While I was in college at the University of Michigan, one of my professors pointed out that throughout much of history pastors and priests have come from the brightest and best. In a world where education was rare, pastors were educated. In a era when many could not read and write, priests could often do so in several languages. Thus the past blooms with wonderful writers, thinkers, poets and even scientists who also happened to be clergy.
My professor then lamented that this is no longer the case. Now, to be fair, he didn't come out and call us stupid, yet it was clearly implied that our educational process had been compromised, that our writing skills were on par with teenage love poetry, and that our brainial capacity had lost a quart (or a liter if you prefer the metric). That statement challenged me then, and it remains a challenge to me now.
But I have learned a lot since those college days. I have learned that Christian theologians are just as intelligent as they were in the past -- I have equal difficulty reading Aquinas, Hegel, Tillich, Pannenberg, and Reuther. These people are so smart they make my brain hurt, so you could say that the branches at the top of our trees are providing the same high quality figs as they did in the past. I also have met a number of pastors who can capably debate philosophy, read Hebrew and Greek, all while operating a motor vehicle. Most exciting of all, there are among us great writers of inspirational stories, music lyrics, and poetry. So many of the middle branches are pretty healthy too.
But my concern comes with those lower branches in the tree: the ones that seem to be filled with howler monkeys screaming anti-intellectual, monosyllabic dogma. I worry that if they keep hollering and hooting like they have been, that slowly Christianity will fall into a subculture of stupidity. For example, the sudden surge of home schooling among conservative Christians, so that their kids don't learn objectionable science, and are protected from the evils of independent thought. My experience tells me, how shall I say this without sounding rude, that most parents who try to do this can't compete with the quality of our public school system. They may be able to handle the three r's of reading and writing and righteousness, but they don't remember enough from high school chemistry, calculus, or literature to teach it ably.

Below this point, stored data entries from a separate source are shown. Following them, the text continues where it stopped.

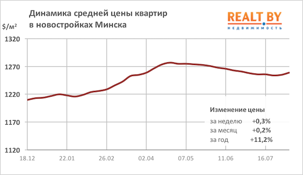 24475 718За неделю, c 30 июля по 6 августа 2018 года, информационно-аналитическим центром Realt.by были отмечены следующие изменения на первичном и вторичном рынках недвижимости города Минска: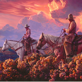 Another example of the cinematic inspiration, this piece has a very dramatic angle, juxtaposing the two cowboys in the front against brightly-lit billowing clouds in the background. The stormclouds and deep, warm tones create an almost ominous, foreboding feel to it.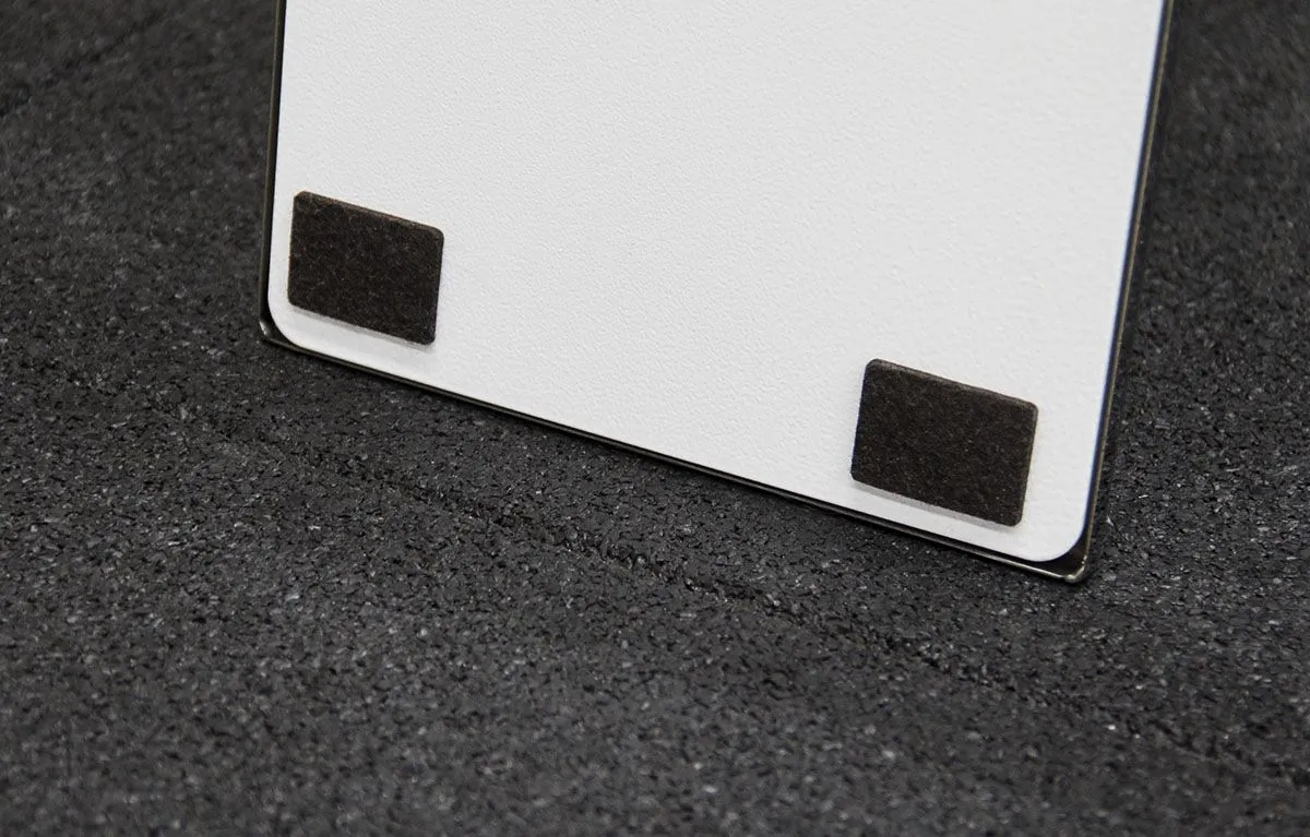 - Плоское основание на каждой стойке – толщина составляет всего 10 мм. Оно имеет прямоугольную форму размером 493х188 мм. Грани основания скруглены и заполированы, чтобы исключить вероятность получения травмы.

Further, many Christians have come to view the scientific community with unhealthy skepticism. We have people that believe that dinosaur bones are the creation of Satan meant to lead the faithful astray. We have people that believe that evolution is an unproven theory on par with the idea that we are all inside 'the Matrix' and are experiencing a virtual world. We have people that would believe that there is some secret group of illuminati out there manipulating scientific "discoveries", rather than admit that it may have taken more than seven days for the sun, the earth, and the moon to form.
What happens if this trend continues for five or six generations?
What I foresee is Christianity becoming a subculture of people who slow slip out of the realm of human progress and revert to medieval doctrine. I see a group of people who become more and more out of touch with reality, because they won't admit the truth that they may be wrong.
Several years ago there was a petition to get 10,000 pastors to sign a document that stated that a person can believe in evolution and still be a faithful Christian. I don't know if the petition got enough signatures or not, but that doesn't really matter. What matters is that disputing the scientific facts of some parts of the bible doesn't make us heretics; in fact, it requires us to think about our world, to discern what religious truth is, and to strive for a deeper understanding of God. I believe we need to reclaim our curiosity, regain our love for education, and allow ourselves to think; or else, face extinction as a people of faith.
So there's my two figs flung into the fruit-salad of philosophy -- waiting to hear the howler monkeys complain.